Given (as others have said), I think you will need some hysteresis and in all probability at least a comparator for the "mains switch", I would use a solid-state relay to switch the mains side, as its "coil" will only require 1-2mA
The DC switching for your up-converter, using two relays seems unnecessarily wasteful too. You could do away with one relay for a start, by using one pole (as indicated by others) only, leave the (say) ground side connected on input and output and switch + through the relay contacts.
Check your up-converter - some (but not all) draw negligable current when they have no output load. If yours is one of them, you can probably leave the input connected permanently.
Again, not universal, but some supplies have internal output isolation so applying power to the OUTPUT doesn't actually draw any power or cause any harm. IF your supplies (both the PC supply, and the 12->20V converter) come into this category, you can dump the output switching relay entirely and just hard-wire the outputs in parallel
The other option might be to use FETs to switch your DC side. At the fairly modest currents you are indicating, the FETs will have very low resistance and waste very little power. Downside is that their "very little waste" will be for the whole time the system is running on DC.... so do your maths carefully - if the system will be running on mains for say 0.1% of the time, even 0.1 watts wasted in the fets may be more than the coil would take for the 0.1% of the time it is running...
The mains relay I've selected is 140mW (ie about 12mA) to drive the coil, and the main advantage here is that when there is NO power on the DC side it switches the mains on.
A agree that if the inverter and the mains adaptor both are protected against back EMF then I could hardwire them in parallel, but they are both black boxes that I can't open and don't wish to break!
Your FETs idea is a good one; I'll certainly think about it again before actually placing the order for the relays.
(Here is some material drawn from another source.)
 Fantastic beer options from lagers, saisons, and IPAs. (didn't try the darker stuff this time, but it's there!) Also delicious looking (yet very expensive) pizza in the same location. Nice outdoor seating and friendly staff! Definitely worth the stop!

Do you have any particular parts in mind or an example circuit? I'm not sure that I have ever actually used a stand-alone power FET though I've drooled over the data books enough, sad git that I am! B^>
Rgds
Damon[ Parent ]
OK, I'm getting my act together slowly, and I can run the laptop via the DC/DC converter and it draws ~21W from the 12V battery, nice!
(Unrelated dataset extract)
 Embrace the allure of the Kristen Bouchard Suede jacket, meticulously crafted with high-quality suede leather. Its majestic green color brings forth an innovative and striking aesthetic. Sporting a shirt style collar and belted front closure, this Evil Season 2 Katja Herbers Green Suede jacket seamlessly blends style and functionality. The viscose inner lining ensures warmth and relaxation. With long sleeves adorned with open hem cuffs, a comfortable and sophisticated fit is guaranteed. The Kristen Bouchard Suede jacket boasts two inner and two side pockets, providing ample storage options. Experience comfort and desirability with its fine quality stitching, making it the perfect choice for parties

Problem is, the start-up current of the converter is so high that it immediately triggers the load short-circuit protection on the solar controller. So I can't just treat it as a normal load from the controller.
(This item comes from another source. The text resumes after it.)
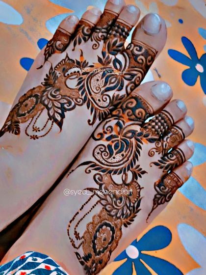 Don't forget your feet! I create beautiful and intricate mehndi designs for feet that perfectly complement your hand designs. From simple, elegant patterns to full bridal coverage, I make sure every detail is perfect.
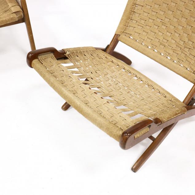 Mid 20th century, teak, labeled "Yugoslavia", including an arm chair and a folding side chair, with woven grass seats.

Therefore I'm going to have to modify my circuit be its own low-voltage drop-out with power drawn direct from the battery, and I think I'll have to use FETs as you suggest.
Can I simply put a P-channel FET in the positive line from the battery, with the gate pulled up to the battery positive voltage with a resistor, and 'let go' to cut the current to the load (and pull down with an open-collector output to allow current to the load)? Or will that move the gate voltage too slowly and cause it to overheat?
My DC/DC converter has a peak load of 150W (though I shall never go over about 60W) and an input fuse of 15A, so allowing healthy margins all round I've picked out an Infineon SPU30P06P 30A (60V max), and would pull up its gate with something like a 10K resistor. I'd pull it down via an open-collector 'voltage OK' output in series with an LED for a small 'current on' indicator.
I propose to set the drop-out voltage at 12V and the reconnect voltage at 12.8V to 13V for some decent hysteresis.
Does that sound sane?
Never used a bare p-channel power FET before... Your guidance would be much appreciated.